Do you need the acceleration. (spinning the wheels is the fun part!)
Care to be a little more specific about 
what type of vehicle your building?
I added a picture of my cart.
Mike


----------



## Georgia Tech (Dec 5, 2008)

Qmavam said:


> Hi,
> I have a gokart that probably weighs 425LBS with me in it.
> It will go 35mph and get to that speed very quickly. I could
> change the sprocket ratio and get a higher speed (with the
> ...


 
Hey !! thats a slick looking deal you got there with that go Kart...please tell a litttle more about it!!
What kind of motor is that? what type of controller? Any youtube vidieos?? Man I would love to see this in action!!


----------



## Qmavam (Aug 17, 2008)

Georgia Tech said:


> Hey !! thats a slick looking deal you got there with that go Kart...please tell a litttle more about it!!
> What kind of motor is that? what type of controller? Any youtube vidieos?? Man I would love to see this in action!!

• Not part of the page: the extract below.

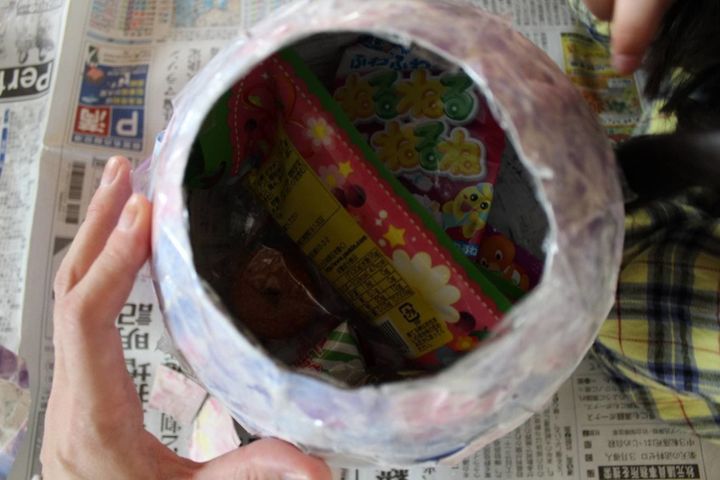 今回は1人1個ずつ作りましたが、お正月はみんなで順番に割っていきお菓子以外にも文房具やお金を入れてあげたらすごく盛り上がりました♪
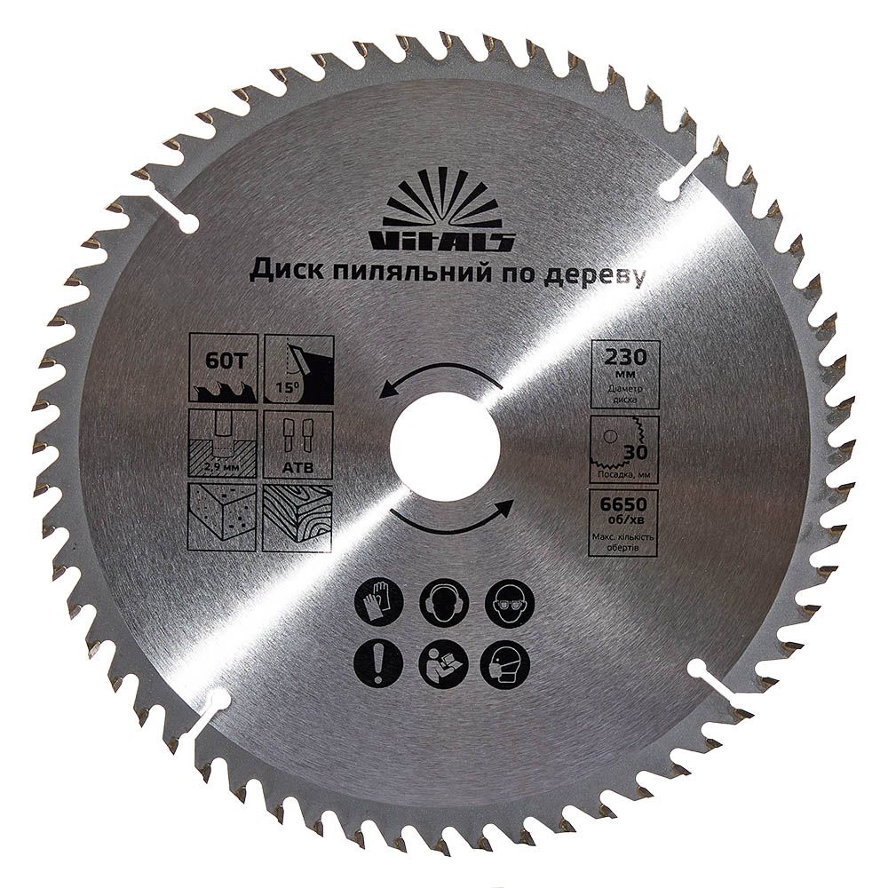 Опис пиляльного диску Vitals по дереву 230x30/25.4/22.2, ATB 60

 Ya mean your asking me to brag about my gokart!!
Oh, OK I will.








I bought an old (1963) gokart that was in good condition.
Took off the McCulloch ICE engine. Since it is an old gokart I
didn't want modify the frame in case anyone ever wants to put it back to original.
I got the 2 hp, 28 volt, 2600 rpm, Baldor motor from a friend, it was off of
a lift of some type. It was junk to him, a thing of beauty to me!
I picked up an Alltrax NPX4834 controller from Craigslist, I would probaby get the 
AXE series if I was buying new, but I got the NPX for $100.
I got the solenoid from a local golfcart shop and ordered the potbox online. 
To start I decided on a top speed of 25mph, using tire OD and motor rpm
I calculated a gear ratio. I used a 1 to 3 ratio. I got my sprockets from McMaster-Carr.
I mounted a voltmeter and an amp meter on the dash. I also put a safety
push off switch to deenergize the solenoid in case of a problem.
I have used junkyard batteries that I got for $25, the picture only shows three batteries, I now have a fourth. My future plan is to get 4 #27 deepcycle batteries from Sam's. I bought a 48 volt battery charger off of Ebay, shipped from Taiwan. Made by this company.
http://www.kipoint.com.tw/
I did have some problems with my motor connections when I started. The motor is a compound wound motor and I didn't know what to do with the shunt field. I got it worked out though. If you get just a plain series motor
you won't have my problems.
A couple of weeks ago I took the gokart to where the motor donor was working, (a large concrete parking lot) to let him drive it. It always draws a 
crowd so several people took it for a ride. The last guy was big and when he took off a plume of white smoke errupted, It turned out all the teeth
were stripped off of the motor sprocket! I knew the sprocket was getting
bad and had a new one on hand, it was a little better sprocket (at least I paid more for it!)
Ok, so what are your wanting to build?
Mike


----------